Amanhã, 11 de maio, começa a parte final da terceira temporada da liga profissional da ESL. Na qual distribuirá em premiação total de 512 mil dólares, sendo 200 mil para o primeiro colocado. A liga é dividida em duas divisões, americana (equipes residentes na América do norte) e europeia (equipes residem na Europa).

Ao longo de três meses as 24 equipes (12 em cada divisão) se enfrentaram entre si, nas respectivas divisões. As equipes jogavam em melhores de dois mapas, onde cada time tinha direito a escolher um mapa. O time vencedor de cada mapa conseguia três pontos, já o perdedor não pontuava. Assim criando um sistema de pontos corridos, onde os quatro primeiros colocados se classificariam para as finais.

As finais acontecerão em Londres. Serão oito equipes divididas em dois grupos, sendo que o primeiro colocado de cada divisão serão cabeças de chaves, e os outros seis serão divididos intercaladamente de acordo com suas posições, em suas respectivas divisões.

Grupo A Grupo B
Luminosity NiP
Astralis Cloud9
OpTic fnatic
G2 Liquid

 

As equipes:

Grupo A

Luminosity Gaming

Gabriel “FalleN” Toledo
Fernando “Fer” Alvarenga
Lincoln “fnx” Lau
Tacio “TACO” Filho
Marcelo “coldzera” David

Luminosity Gaming - DH Austin

Cold e Taco da Luminosity Gaming, uma das favoritas ao titulo. Foto: Divulgação

A equipe que vem em ascensão no cenário Norte-americano, sendo um adversário imbatível para as equipes da região. Venceu no último domingo a DreamHack Austin, onde se quer perdeu um mapa, e também não cedeu mais de dez rounds em cada mapa. Isso denota a sincronia de seus jogadores, que no jogo exalam muita qualidade e tranquilidade, para vencer. Além disso são os atuais campeões do principal campeonato da modalidade, o Major.
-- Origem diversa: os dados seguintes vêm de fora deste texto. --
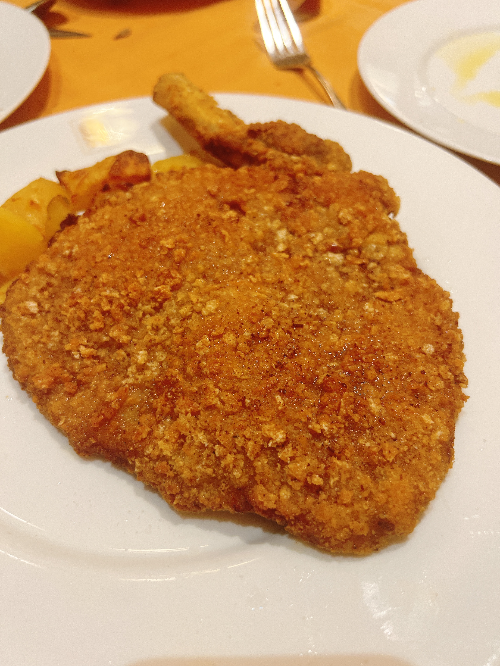 밀라노 전통 음식 코톨레타(Cotoletta) 질깃한 커틀렛이다. 소스가 없어서 먹는데 힘들었다. 소스를 요청했는데 뜨거운 그레이비 소스가 나와서 먹기 더 힘들어졌다.

Na Liga ESL a equipe não teve dificuldades em se classificar, venceu 18 dos 22 mapas disputados, além de conseguir a classificação com antecedência.

Suas campanhas nas duas primeiras edições da liga ESL – uma delas ainda com a organização brasileira Keyd Stars – não foram nada memoráveis. Na primeira aparição, conseguiu a segunda colocação na divisão norte-americana. O mesmo aconteceu na fase de grupos, das finais, onde avançou as quartas de finais, porém acabou sendo eliminado pela Fnatic. Na segunda temporada – já como LG – a equipe repetiu a colocação na fase divisional, e na fase final, conseguiu apenas o terceiro lugar do grupo.

Desta vez o momento é outro, a equipe brasileira tem o protagonismo e o favoritismo nas mãos. Está a um passo à frente das outras equipes, no que diz respeita a competitividade.

Astralis

Finn “Karrigan” Andersen
Andreas “Xyp9x” Højsleth
Nicolai “dev1ce” Reedtz
Peter “dupreeh” Rasmussen
René “cajunb” Borg

Team Astralis

Team Astralis

A equipe dinamarquesa a muito tempo não vence um torneio Premier. Seu último título, ainda como Team Solo Mid, foi em Outubro do ano passado. Uma equipe extremamente forte do cenário mundial, que vem a tempos flertando com um grande título, porém de uma hora para outra perde o controle do jogo e, assim, entrega as chances de título. Pode se usar como exemplo o Major Columbus, onde a equipes eliminou a favorita, Fnatic, por dois mapas a zero, nas quartas de final, mas na fase seguintes perdeu pelo mesmo placar para a Na´Vi, dando adeus a uma boa oportunidade de título.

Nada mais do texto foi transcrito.